(Task goal)
Exclude the pictures and reproduce the remaining data exactly as written.

(Recorded information)
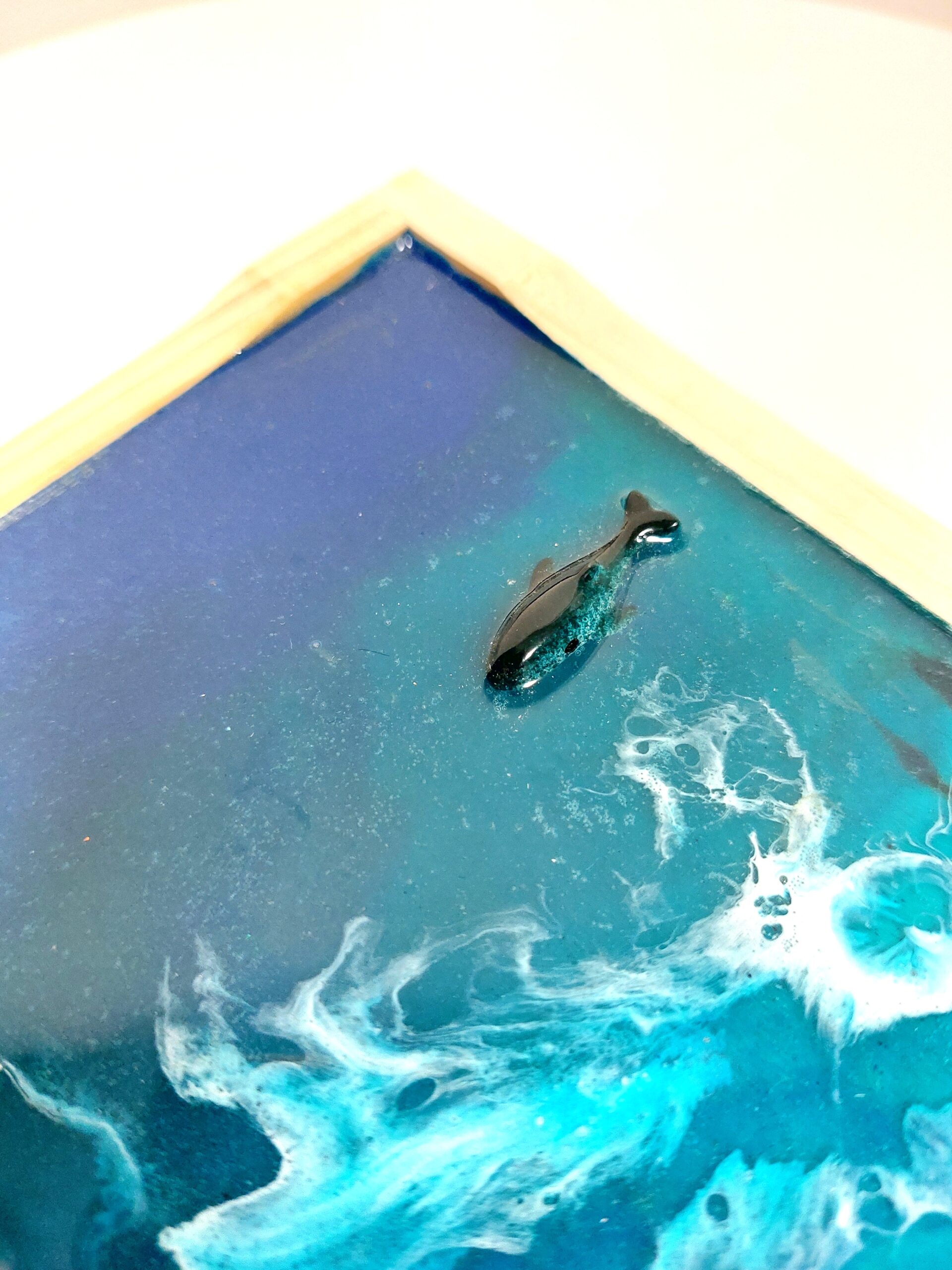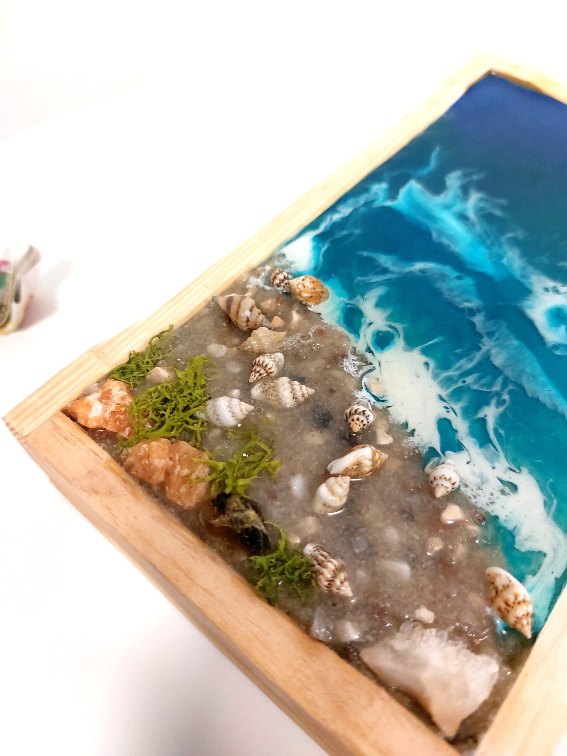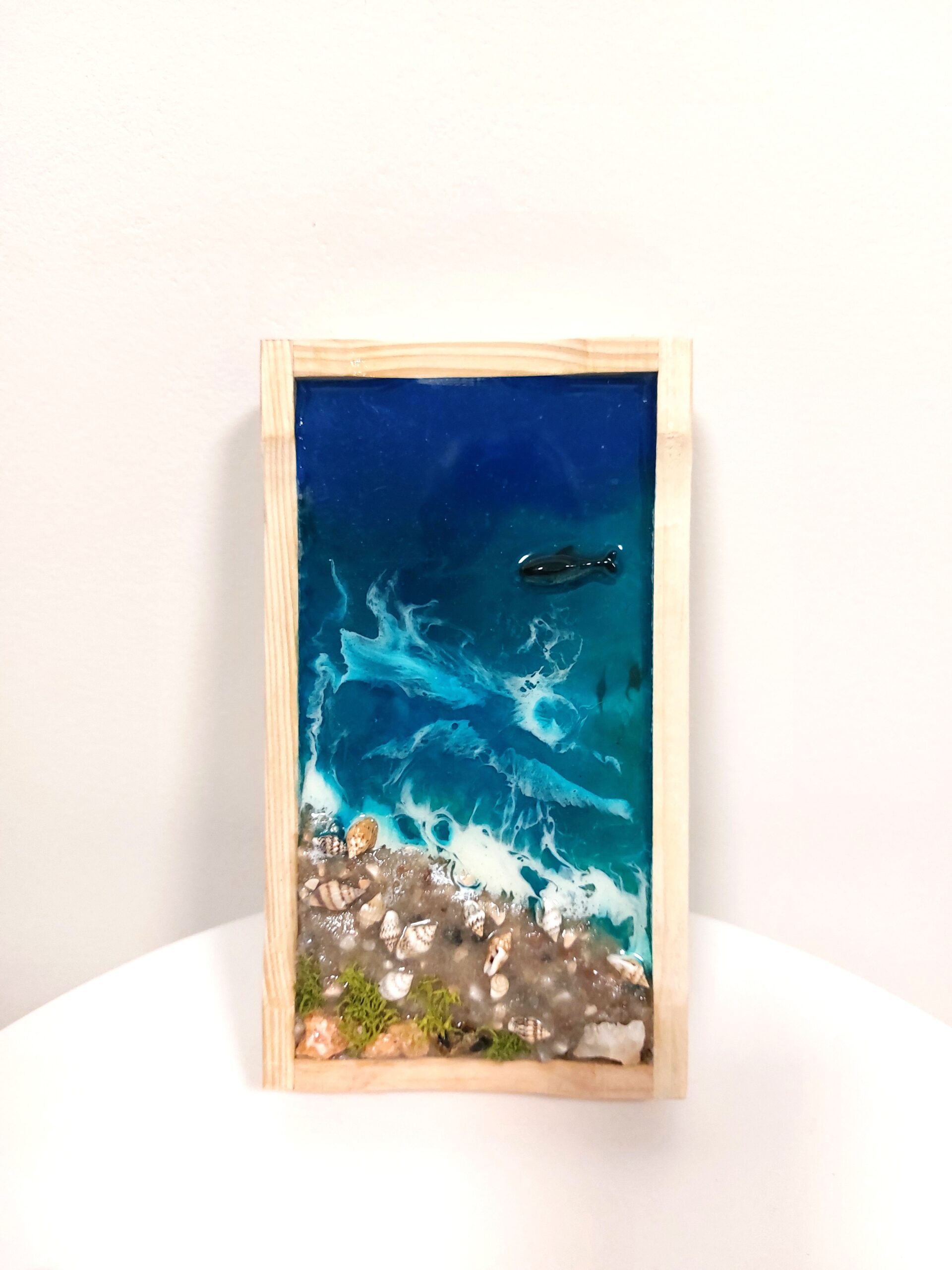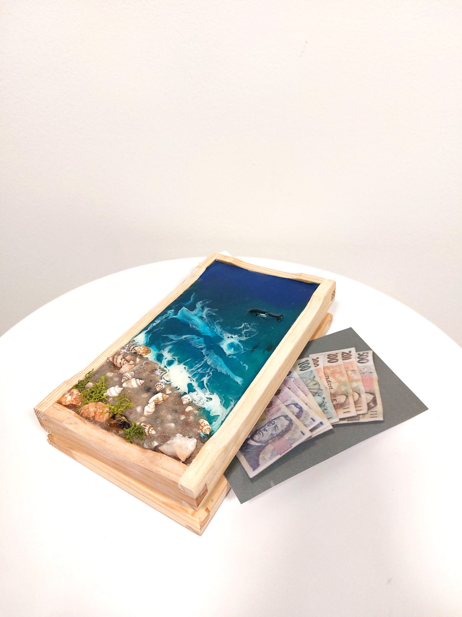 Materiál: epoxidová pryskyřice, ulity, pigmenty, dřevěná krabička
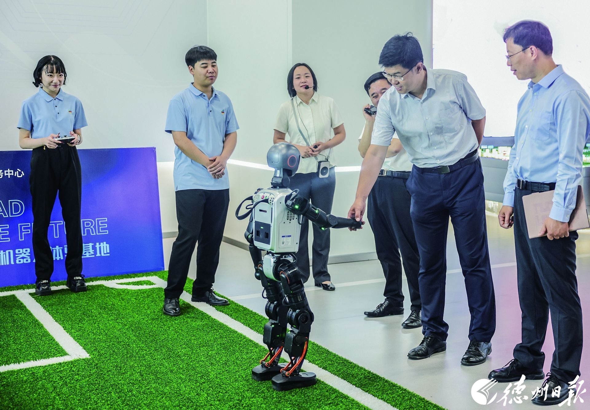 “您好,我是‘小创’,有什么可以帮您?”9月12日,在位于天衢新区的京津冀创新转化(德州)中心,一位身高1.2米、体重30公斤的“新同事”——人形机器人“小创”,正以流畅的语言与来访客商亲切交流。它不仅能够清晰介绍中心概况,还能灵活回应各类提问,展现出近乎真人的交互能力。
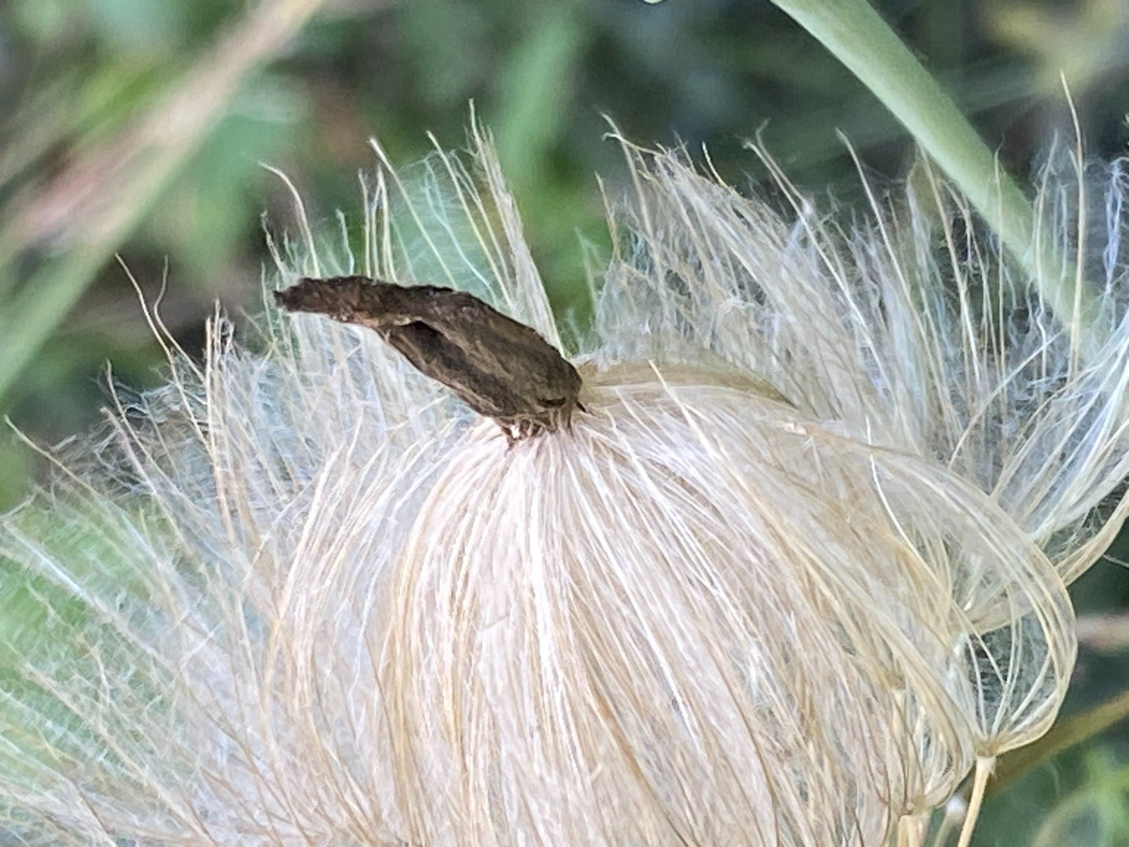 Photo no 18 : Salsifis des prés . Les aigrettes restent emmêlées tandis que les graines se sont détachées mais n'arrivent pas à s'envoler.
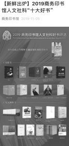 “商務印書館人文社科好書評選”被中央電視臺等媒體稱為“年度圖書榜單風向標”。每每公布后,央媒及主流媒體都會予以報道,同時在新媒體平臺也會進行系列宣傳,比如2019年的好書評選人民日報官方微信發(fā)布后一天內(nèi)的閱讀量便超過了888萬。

(Result of this task)
 Materiál: epoxidová pryskyřice, ulity, pigmenty, dřevěná krabička
 “您好,我是‘小创’,有什么可以帮您?”9月12日,在位于天衢新区的京津冀创新转化(德州)中心,一位身高1.2米、体重30公斤的“新同事”——人形机器人“小创”,正以流畅的语言与来访客商亲切交流。它不仅能够清晰介绍中心概况,还能灵活回应各类提问,展现出近乎真人的交互能力。
 Photo no 18 : Salsifis des prés . Les aigrettes restent emmêlées tandis que les graines se sont détachées mais n'arrivent pas à s'envoler.
 “商務印書館人文社科好書評選”被中央電視臺等媒體稱為“年度圖書榜單風向標”。每每公布后,央媒及主流媒體都會予以報道,同時在新媒體平臺也會進行系列宣傳,比如2019年的好書評選人民日報官方微信發(fā)布后一天內(nèi)的閱讀量便超過了888萬。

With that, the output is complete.